Step 2: Develop Accurate Emergency Action Maps
- Map primary and secondary evacuation routes: Use floor plans showing paths to exits, avoiding dead-ends. Label stairs, elevators (not for evac), and accessible routes.
- Mark assembly areas: Designate outdoor rally points, at least 50 feet from the building, wind-direction aware for hazmat risks.
- Highlight hazards: Flammable storage, chem spill zones, high-voltage equipment—color-code for quick recognition.
- Incorporate alarms and equipment: Fire alarms, extinguishers, AEDs, eyewash stations—ensure maps note shut-off valves for LOTO integration.
- Scale and legend: Professional CAD or software-generated; include north arrow, scale (e.g., 1:100), and update date.
Pro tip: Digital tools like Pro Shield's LOTO platform can overlay these maps with interactive JHA data. Test maps in drills—I've seen teams shave evacuation time by 40% with precise visuals.
Step 3: Posting, Training, and Documentation
- Post conspicuously: Every floor, near exits, break rooms—laminated, 24x36 inches minimum for visibility (OSHA best practice aligns here).
- Train annually: Cover map use in EAP drills; document attendance per §3220(g).
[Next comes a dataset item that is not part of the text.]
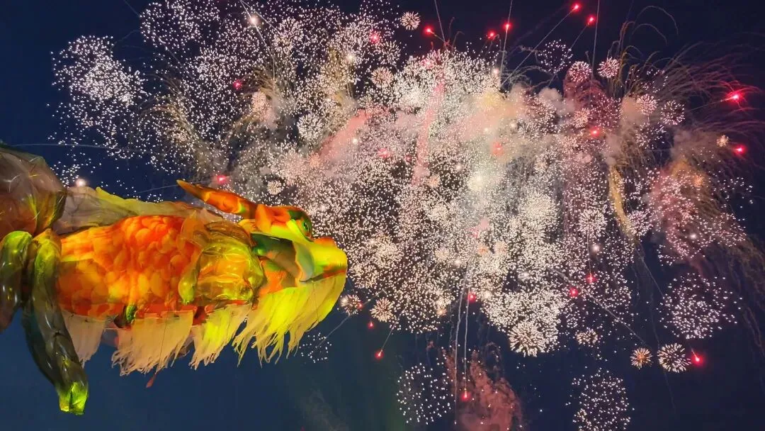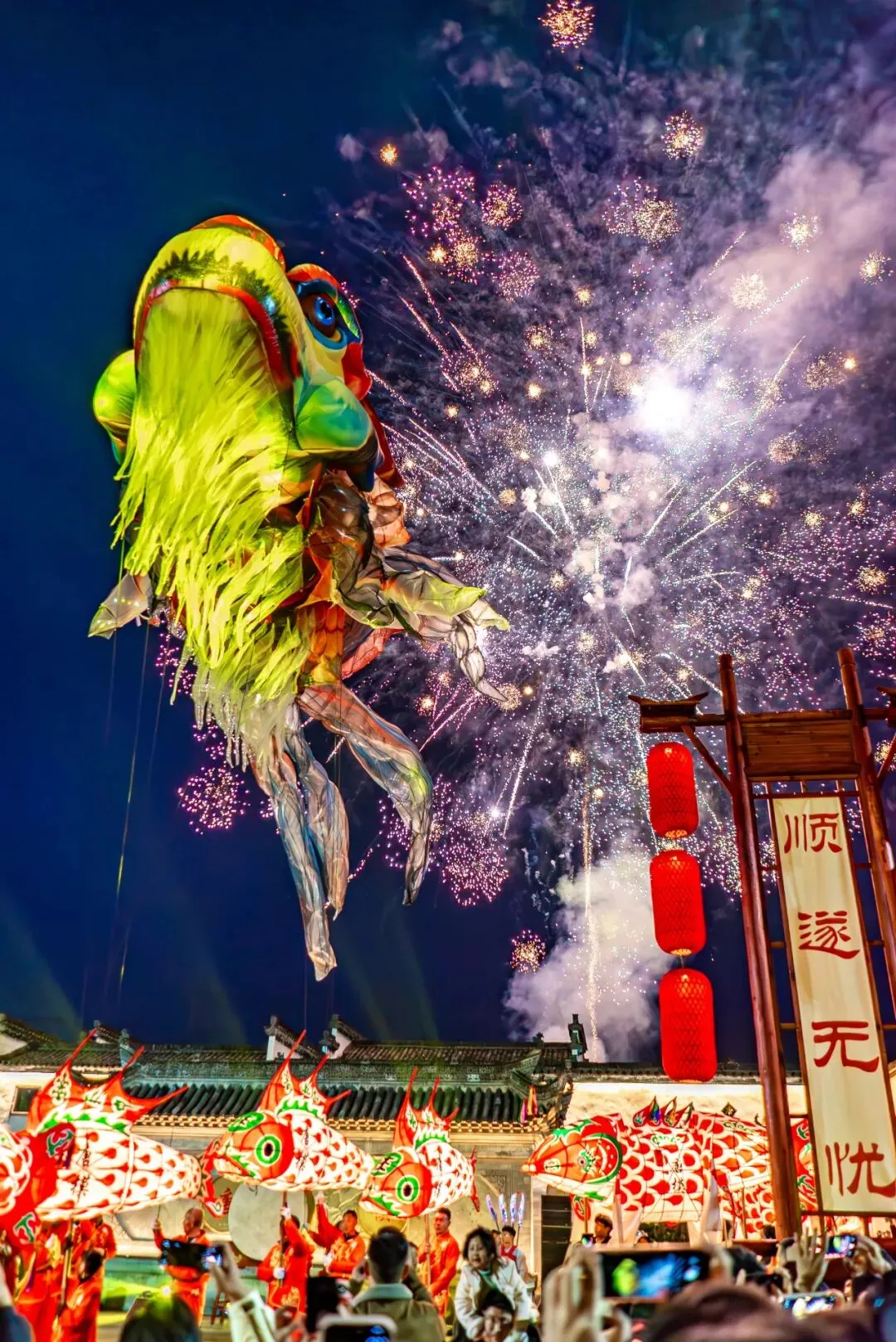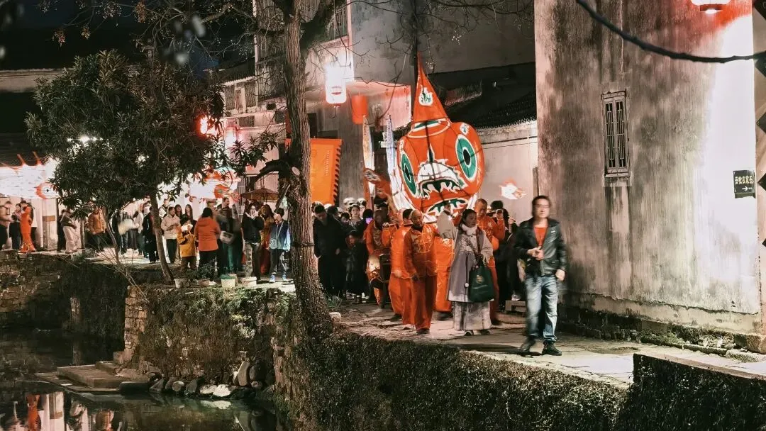 当夜幕降临,《“满池娇”·独占鳌头》节目将气氛推向高潮。鱼灯巡游流光溢彩,更有打铁花、火壶、烟花秀轮番呈现,与古村巷弄、徽派建筑交相辉映,构成一幅天地共舞、如梦似幻的绝美画卷。

Include non-English languages for diverse crews.
- Integrate with incident reporting: Link maps to your safety software for post-drill audits.
- Update protocol: Revise after renovations, incidents, or quarterly reviews—sign and date changes.
Cal/OSHA inspections zero in on map freshness; stale ones equal violations. We recommend cross-referencing with NFPA 101 Life Safety Code for added robustness.
Step 4: Audit and Continuous Improvement
Run a self-audit quarterly: Walk the floor with maps in hand, time evacuations, solicit employee feedback. Based on our EHS consulting data, sites with formalized audits cut citation rates by 65%. Limitations? Maps aren't foolproof in dynamic hazards like earthquakes—pair with live training.
For deeper dives, reference the full Title 8 §3220 text or Cal/OSHA's EAP template. Stay compliant, stay safe—your team counts on it.